By Justin Sink
A new poll released Tuesday finds the national favorability of Congress has again slipped into single digits, with American's elected officials now polling lower than painful medical procedures and a certain Canadian rock band.
The survey, from Democratic firm Public Policy Polling, showed Congress with a mere 9 percent favorability rating. By contrast, 85 percent of voters see legislators in a negative way.
Congress didn't fare much better when compared against a wide swath of generally disliked staples of modern life. Asked for their preference between Congress and lice, the microscopic insects prevail 67-19 percent. Ditto colonoscopies (58-31 percent), root canals (65-32 percent), and being stuck in traffic (56-34 percent).

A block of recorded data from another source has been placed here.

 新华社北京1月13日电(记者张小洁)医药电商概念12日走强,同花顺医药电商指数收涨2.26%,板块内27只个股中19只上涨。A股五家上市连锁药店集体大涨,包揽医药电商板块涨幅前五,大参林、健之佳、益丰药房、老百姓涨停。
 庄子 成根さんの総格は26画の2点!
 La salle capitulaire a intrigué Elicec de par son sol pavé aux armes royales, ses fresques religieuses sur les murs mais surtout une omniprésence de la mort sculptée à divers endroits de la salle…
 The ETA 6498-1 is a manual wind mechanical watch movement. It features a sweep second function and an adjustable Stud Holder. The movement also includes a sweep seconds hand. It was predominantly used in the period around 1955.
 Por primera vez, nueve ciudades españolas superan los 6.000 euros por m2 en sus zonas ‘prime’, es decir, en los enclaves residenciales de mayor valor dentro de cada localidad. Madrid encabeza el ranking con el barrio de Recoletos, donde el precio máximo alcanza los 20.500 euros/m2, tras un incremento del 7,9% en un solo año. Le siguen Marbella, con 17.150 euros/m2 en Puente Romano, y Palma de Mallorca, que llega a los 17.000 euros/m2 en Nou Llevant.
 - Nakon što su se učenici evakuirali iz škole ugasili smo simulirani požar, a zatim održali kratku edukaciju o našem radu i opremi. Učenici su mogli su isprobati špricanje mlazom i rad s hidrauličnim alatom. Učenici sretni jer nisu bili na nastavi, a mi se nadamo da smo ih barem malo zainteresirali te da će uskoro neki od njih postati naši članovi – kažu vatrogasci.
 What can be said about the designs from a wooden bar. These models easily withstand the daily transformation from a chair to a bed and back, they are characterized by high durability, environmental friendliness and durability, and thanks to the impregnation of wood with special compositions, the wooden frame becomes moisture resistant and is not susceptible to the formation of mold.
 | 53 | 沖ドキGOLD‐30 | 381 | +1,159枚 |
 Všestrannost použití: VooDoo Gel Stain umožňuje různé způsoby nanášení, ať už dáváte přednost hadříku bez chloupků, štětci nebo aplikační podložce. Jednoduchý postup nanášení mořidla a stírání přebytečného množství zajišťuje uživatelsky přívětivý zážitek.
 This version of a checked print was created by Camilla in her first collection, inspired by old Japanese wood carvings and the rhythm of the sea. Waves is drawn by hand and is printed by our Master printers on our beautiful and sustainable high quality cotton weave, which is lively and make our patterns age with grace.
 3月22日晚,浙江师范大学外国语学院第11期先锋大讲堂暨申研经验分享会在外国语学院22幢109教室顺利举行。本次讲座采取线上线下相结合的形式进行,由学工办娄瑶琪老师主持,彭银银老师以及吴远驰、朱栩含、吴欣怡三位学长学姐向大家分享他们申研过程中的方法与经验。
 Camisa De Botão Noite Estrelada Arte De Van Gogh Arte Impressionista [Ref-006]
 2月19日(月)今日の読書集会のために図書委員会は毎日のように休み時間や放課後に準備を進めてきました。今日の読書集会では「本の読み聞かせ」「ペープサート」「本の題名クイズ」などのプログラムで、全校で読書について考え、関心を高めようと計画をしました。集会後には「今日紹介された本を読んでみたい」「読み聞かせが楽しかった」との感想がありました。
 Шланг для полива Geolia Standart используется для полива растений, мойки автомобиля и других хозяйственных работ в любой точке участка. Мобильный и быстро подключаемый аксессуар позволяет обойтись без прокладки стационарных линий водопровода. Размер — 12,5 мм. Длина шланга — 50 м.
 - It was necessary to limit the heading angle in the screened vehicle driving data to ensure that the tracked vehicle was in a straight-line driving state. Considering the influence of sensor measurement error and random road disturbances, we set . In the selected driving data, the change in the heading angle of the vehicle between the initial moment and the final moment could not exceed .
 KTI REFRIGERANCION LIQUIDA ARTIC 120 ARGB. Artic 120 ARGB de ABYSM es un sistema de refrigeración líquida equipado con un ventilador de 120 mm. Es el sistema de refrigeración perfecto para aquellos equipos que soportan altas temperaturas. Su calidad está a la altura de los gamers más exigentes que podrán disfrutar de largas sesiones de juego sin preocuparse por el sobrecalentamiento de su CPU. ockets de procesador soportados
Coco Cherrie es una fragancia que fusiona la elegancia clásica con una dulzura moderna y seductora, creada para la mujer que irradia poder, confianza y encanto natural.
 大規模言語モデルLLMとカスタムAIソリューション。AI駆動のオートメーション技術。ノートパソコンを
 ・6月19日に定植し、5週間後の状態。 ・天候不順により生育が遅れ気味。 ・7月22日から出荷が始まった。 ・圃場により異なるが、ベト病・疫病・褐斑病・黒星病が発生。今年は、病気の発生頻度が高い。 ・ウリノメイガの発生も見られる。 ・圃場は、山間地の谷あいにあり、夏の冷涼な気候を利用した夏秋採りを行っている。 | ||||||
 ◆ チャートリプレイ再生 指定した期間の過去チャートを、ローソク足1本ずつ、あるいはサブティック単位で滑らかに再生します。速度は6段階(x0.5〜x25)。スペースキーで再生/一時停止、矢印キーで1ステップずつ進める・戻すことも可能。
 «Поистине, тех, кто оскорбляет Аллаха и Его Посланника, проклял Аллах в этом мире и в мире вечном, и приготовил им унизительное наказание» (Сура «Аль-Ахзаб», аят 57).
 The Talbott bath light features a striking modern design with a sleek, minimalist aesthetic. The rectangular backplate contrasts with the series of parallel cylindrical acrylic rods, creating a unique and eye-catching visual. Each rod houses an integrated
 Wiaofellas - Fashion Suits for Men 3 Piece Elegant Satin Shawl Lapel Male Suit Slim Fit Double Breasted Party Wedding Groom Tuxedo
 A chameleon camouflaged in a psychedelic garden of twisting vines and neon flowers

In fact, the list of subjects polling better than Congress was nearly inexhaustible: Genghis Khan (41-37 percent), Donald Trump (44-42 percent) and cockroaches (45-43 percent) all beat out the House and Senate.
There were a rare few items that Congress managed to exceed in the poll, however. Tabloid stars like Lindsay Lohan (41-45 percent) and the Kardashians (36-49 percent) were both seen less favorably than Congress. K Street also got no love in the survey: 48 percent said they preferred Congress to the people that worked to influence them, while just three in 10 preferred lobbyists.
Former Democratic presidential candidate John Edwards, himself once a member of the Senate, fared worse than his colleagues (29-45 percent), as did former Cuban leader Fidel Castro (32-54 percent) and North Korea (26-61 percent). Congress was also favored over more than half of respondents over diseases like gonorrhea and ebola, and eked out polling wins over playground bullies, telemarketers and meth labs.
PPP surveyed 830 voters from Jan. 3 to Jan. 6 via automated telephone interviews. The margin of error was 3.4 percentage points.